#### Data:
---

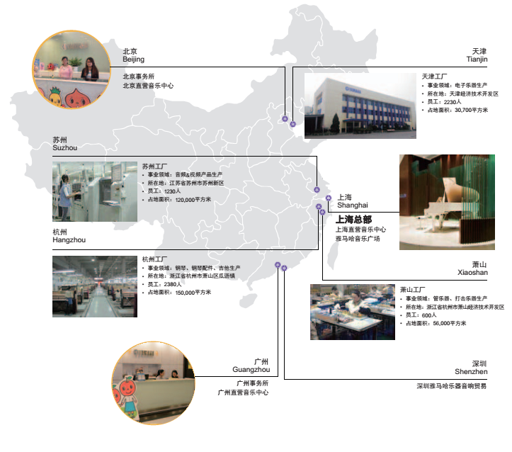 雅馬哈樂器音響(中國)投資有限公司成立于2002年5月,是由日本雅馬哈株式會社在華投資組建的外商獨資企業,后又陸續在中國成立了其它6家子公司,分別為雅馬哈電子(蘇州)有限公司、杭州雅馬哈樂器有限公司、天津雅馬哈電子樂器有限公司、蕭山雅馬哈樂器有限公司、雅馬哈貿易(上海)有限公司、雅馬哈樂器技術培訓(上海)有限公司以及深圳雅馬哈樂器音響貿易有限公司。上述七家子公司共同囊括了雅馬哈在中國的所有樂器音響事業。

---

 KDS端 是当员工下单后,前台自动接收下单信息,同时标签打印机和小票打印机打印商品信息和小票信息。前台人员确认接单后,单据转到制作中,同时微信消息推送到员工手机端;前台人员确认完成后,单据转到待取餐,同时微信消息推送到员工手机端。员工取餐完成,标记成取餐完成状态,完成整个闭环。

---

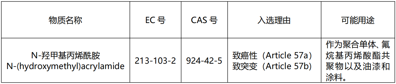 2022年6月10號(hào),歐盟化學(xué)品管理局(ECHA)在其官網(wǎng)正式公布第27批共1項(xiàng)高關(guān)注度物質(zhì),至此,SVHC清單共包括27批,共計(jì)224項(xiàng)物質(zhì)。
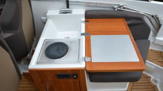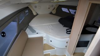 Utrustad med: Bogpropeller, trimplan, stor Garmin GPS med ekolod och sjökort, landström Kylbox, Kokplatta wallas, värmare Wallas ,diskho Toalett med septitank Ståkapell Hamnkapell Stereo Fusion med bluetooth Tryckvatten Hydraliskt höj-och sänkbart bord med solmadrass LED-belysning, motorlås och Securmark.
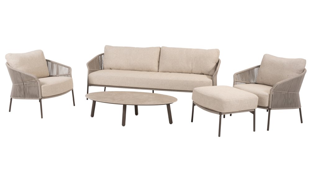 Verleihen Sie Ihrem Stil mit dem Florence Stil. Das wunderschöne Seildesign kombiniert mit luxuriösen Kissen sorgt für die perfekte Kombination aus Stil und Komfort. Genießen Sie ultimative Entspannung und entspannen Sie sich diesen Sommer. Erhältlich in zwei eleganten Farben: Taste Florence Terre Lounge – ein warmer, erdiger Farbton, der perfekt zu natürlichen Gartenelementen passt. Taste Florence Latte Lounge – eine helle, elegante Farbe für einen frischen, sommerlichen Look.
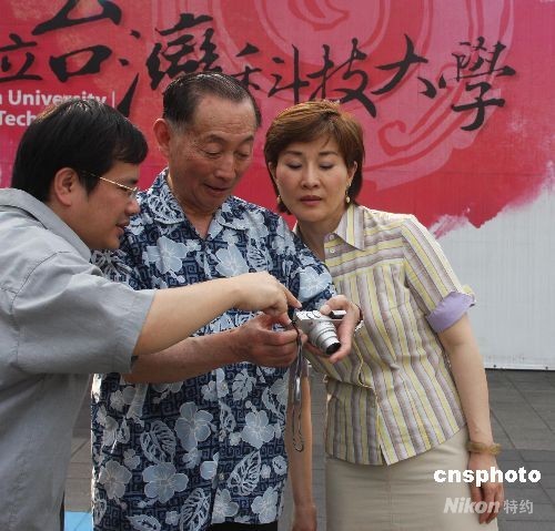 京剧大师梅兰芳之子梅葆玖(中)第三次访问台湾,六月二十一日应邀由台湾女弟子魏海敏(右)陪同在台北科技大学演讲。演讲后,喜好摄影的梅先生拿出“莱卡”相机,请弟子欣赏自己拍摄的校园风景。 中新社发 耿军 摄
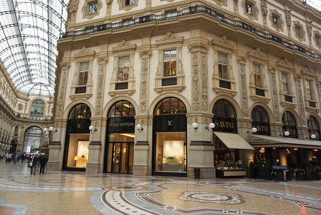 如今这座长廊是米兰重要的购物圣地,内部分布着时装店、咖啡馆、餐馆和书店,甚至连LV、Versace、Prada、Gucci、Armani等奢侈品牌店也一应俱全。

---

#### Directions for this task:
In the entries above, find the line that contains "Verleihen Sie Ihrem" and the line that contains "如今这座长廊是米兰重要的购物". Reproduce exactly those two lines and every line between them, but not the pictures.

#### Answer:
 Verleihen Sie Ihrem Stil mit dem Florence Stil. Das wunderschöne Seildesign kombiniert mit luxuriösen Kissen sorgt für die perfekte Kombination aus Stil und Komfort. Genießen Sie ultimative Entspannung und entspannen Sie sich diesen Sommer. Erhältlich in zwei eleganten Farben: Taste Florence Terre Lounge – ein warmer, erdiger Farbton, der perfekt zu natürlichen Gartenelementen passt. Taste Florence Latte Lounge – eine helle, elegante Farbe für einen frischen, sommerlichen Look.
 京剧大师梅兰芳之子梅葆玖(中)第三次访问台湾,六月二十一日应邀由台湾女弟子魏海敏(右)陪同在台北科技大学演讲。演讲后,喜好摄影的梅先生拿出“莱卡”相机,请弟子欣赏自己拍摄的校园风景。 中新社发 耿军 摄
 如今这座长廊是米兰重要的购物圣地,内部分布着时装店、咖啡馆、餐馆和书店,甚至连LV、Versace、Prada、Gucci、Armani等奢侈品牌店也一应俱全。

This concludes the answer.